By Razib Khan | November 15, 2011 4:15 pm

Ed Yong has a post up on a behavior genetic publication where the sample size is 23. The researchers report a correlation between a SNP on the OXTR locus and “prosociality.” To make a long story short the sample size suggested to Dr. Daniel MacArthur and Dr. Jospeh Pickrell that this was a spurious correlation. The bigger issue here is that there are functional reasons to assume that some genes are correlated with normal human variation in psychology and behavior, and a robust body of literature that these traits are heritable (trait value is highly predictive across relatives), but, the results associating a particular genetic marker with a given trait are much less robust.

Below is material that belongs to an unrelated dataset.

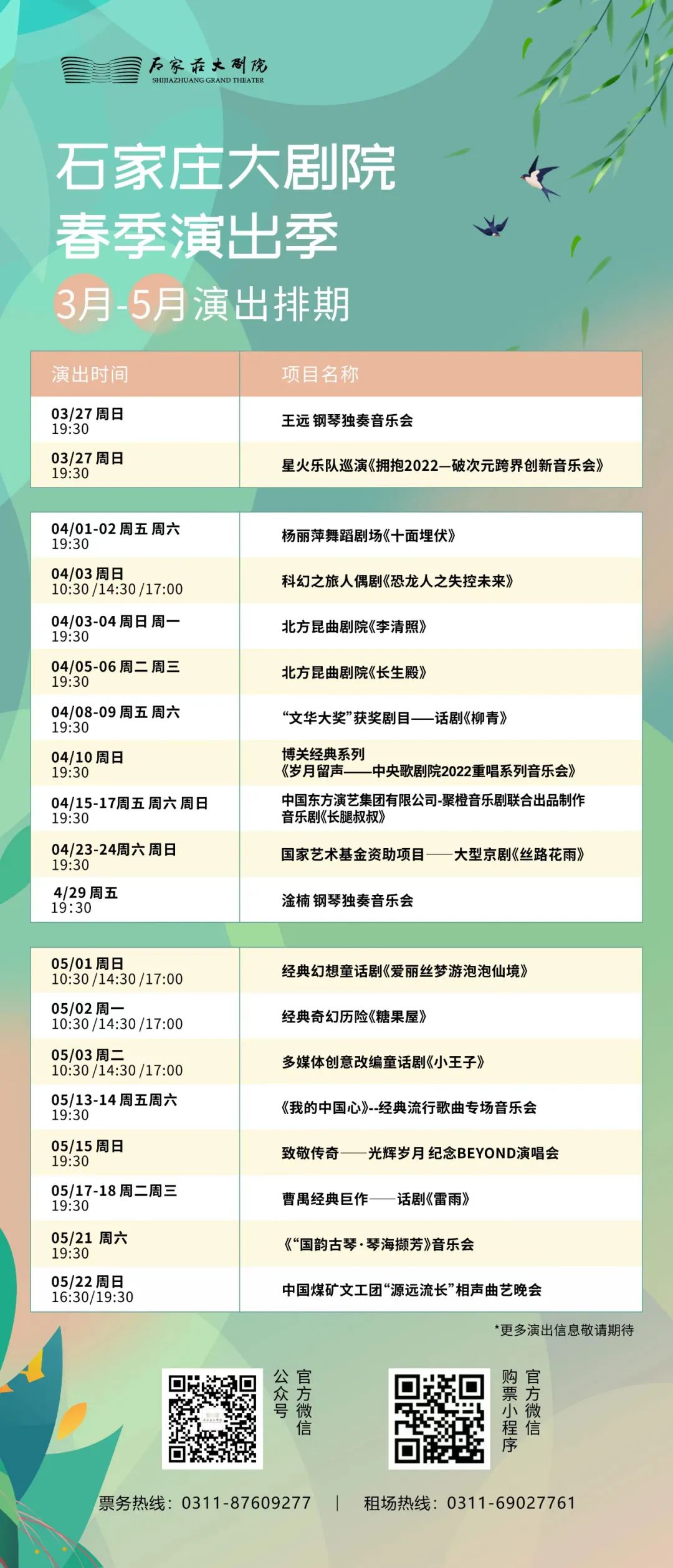 春季演出季力邀国内知名艺术家及团体为石家庄市民带来包括杨丽萍舞蹈剧场《十面埋伏》、中央歌剧院2022年重唱系列音乐会、曹禺经典巨作话剧《雷雨》、“文华大奖”获奖剧目话剧《柳青》、中国煤矿文工团“源远流长”相声曲艺晚会等多台高水准精品剧目。

But I immediately realized something interesting: a sample size of 23 may be small, but there is a sample size potentially of thousands! I know my genotype at this SNP from 23andMe. How about some 23andMe customers get together and produce some results, and then get published in PNAS? A sample size of 230 would be easy I think, and you could probably push it much closer to 1,000.

CATEGORIZED UNDER: Behavior Genetics
MORE ABOUT: Behavior Genetics
  • http://blogs.scientificamerican.com/thoughtful-animal Jason G. Goldman

    I think you’re onto something here… all we’d need to do is set up a website with the video stimuli along with inputs for participants to respond to the questions.

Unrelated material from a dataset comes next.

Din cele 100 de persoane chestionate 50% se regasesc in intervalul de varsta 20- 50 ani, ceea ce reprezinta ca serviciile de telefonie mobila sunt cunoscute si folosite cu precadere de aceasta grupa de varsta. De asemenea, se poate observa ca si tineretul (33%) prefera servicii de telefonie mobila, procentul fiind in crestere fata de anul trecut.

  • http://johnhawks.net/weblog John Hawks

    Well, if we’re going to have thousands of people we may as well add in all the neurotransmitter receptors, too…

  • T. Kosmatka

    AG at the OXTR locus.

  • http://blogs.discovermagazine.com/gnxp Razib Khan

    #1, kind of what i was thinking.

  • S.J. Esposito

    This is what personal genomics is — or perhaps should be — all about. I’m really interested to see how this turns out…

  • I_Affe

    I’d participate. I already sent you my 23andme sequence info.

  • http://chimerasthebooks.blogspot.com/ EEGiorgi

    Frankly, I’d be more curious to look at the crystal structure of the receptor and see how the A versus G changes it. Suppose it turns out that the mutant allele affects the way the receptor binds to the hormone — now that’s an interesting finding! Has anybody looked into it? (couldn’t find anything with a quick search)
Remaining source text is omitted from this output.